• _Exercise directions_
Pictures found in the material must be left out, and every line returned as written.

• _Supplied material_
☆ ☆ ☆

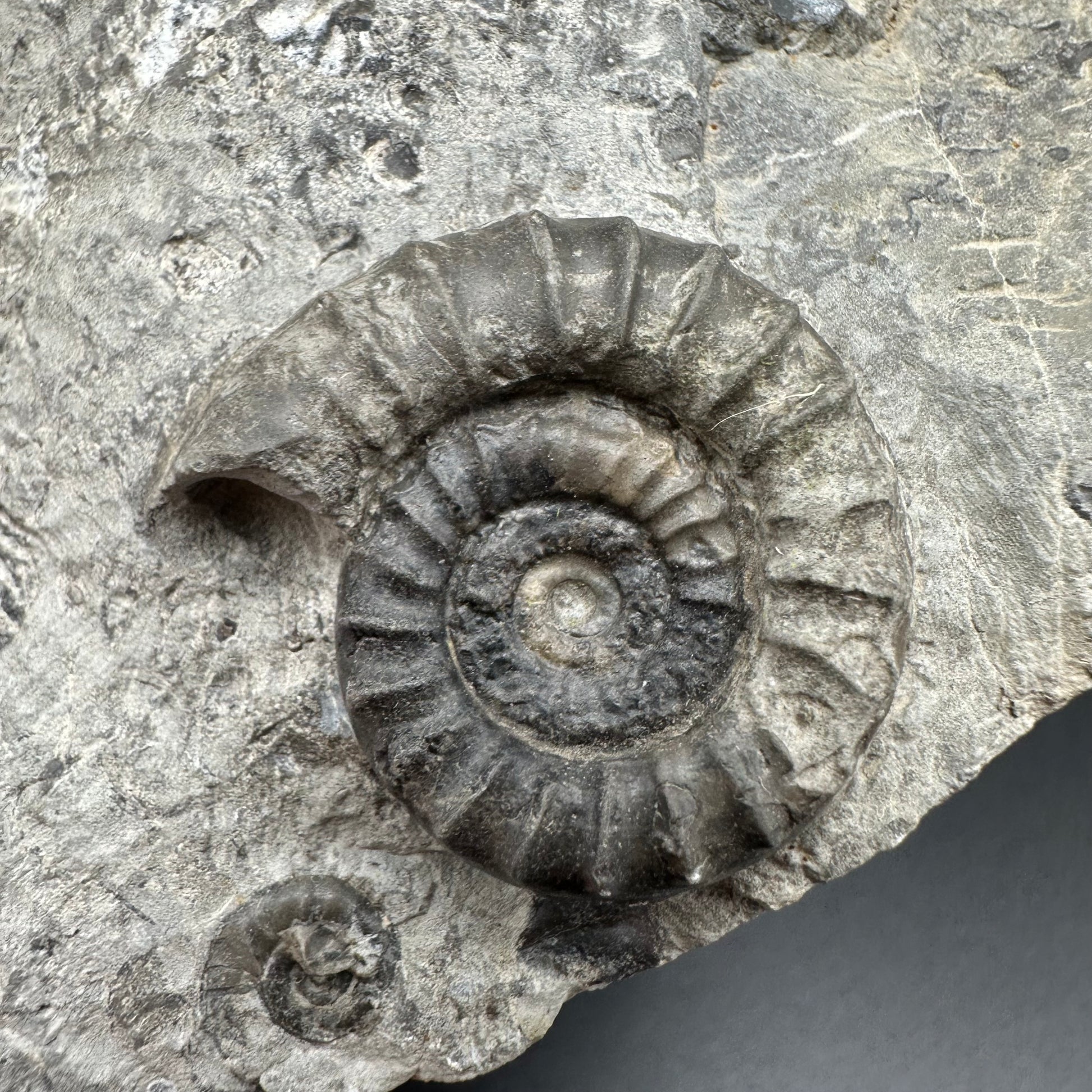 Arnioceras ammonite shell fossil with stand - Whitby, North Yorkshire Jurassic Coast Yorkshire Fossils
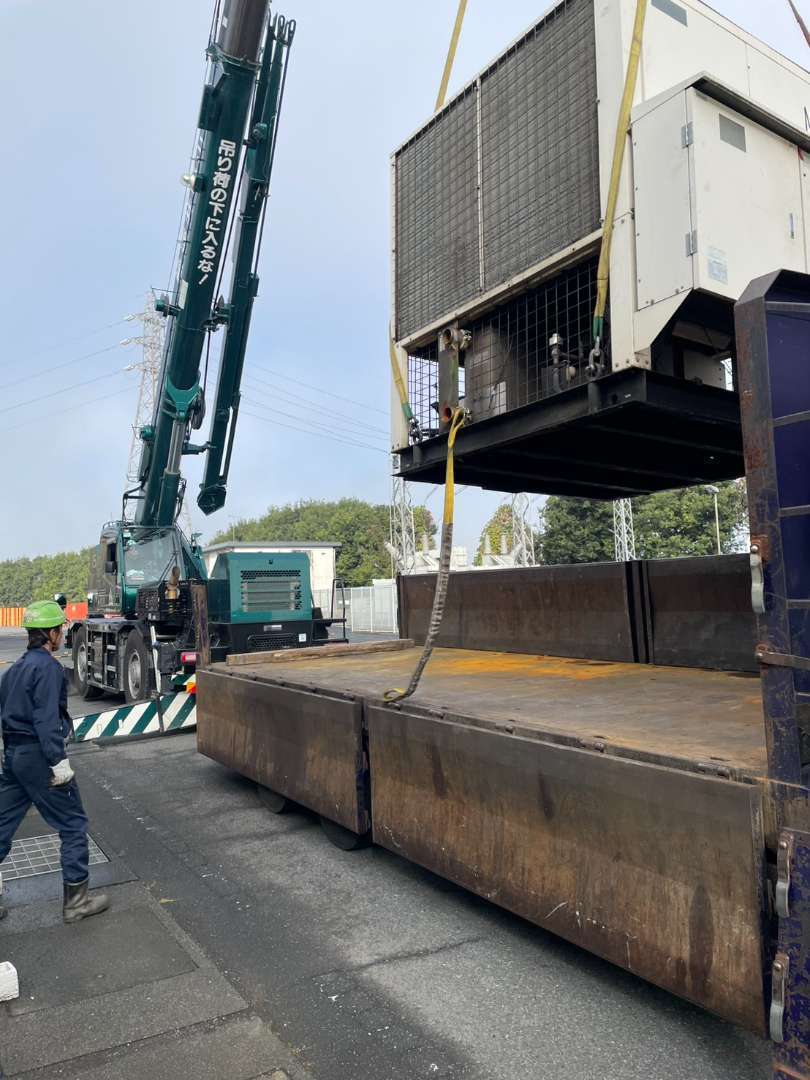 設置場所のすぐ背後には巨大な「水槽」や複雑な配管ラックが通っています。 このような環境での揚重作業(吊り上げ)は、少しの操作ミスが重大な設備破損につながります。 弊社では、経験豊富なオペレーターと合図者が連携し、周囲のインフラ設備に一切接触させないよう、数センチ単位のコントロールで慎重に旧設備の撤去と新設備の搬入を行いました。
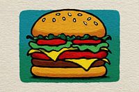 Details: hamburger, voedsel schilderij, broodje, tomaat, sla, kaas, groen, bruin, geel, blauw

☆ ☆ ☆

• _Response box_
 Arnioceras ammonite shell fossil with stand - Whitby, North Yorkshire Jurassic Coast Yorkshire Fossils
 設置場所のすぐ背後には巨大な「水槽」や複雑な配管ラックが通っています。 このような環境での揚重作業(吊り上げ)は、少しの操作ミスが重大な設備破損につながります。 弊社では、経験豊富なオペレーターと合図者が連携し、周囲のインフラ設備に一切接触させないよう、数センチ単位のコントロールで慎重に旧設備の撤去と新設備の搬入を行いました。
 Details: hamburger, voedsel schilderij, broodje, tomaat, sla, kaas, groen, bruin, geel, blauw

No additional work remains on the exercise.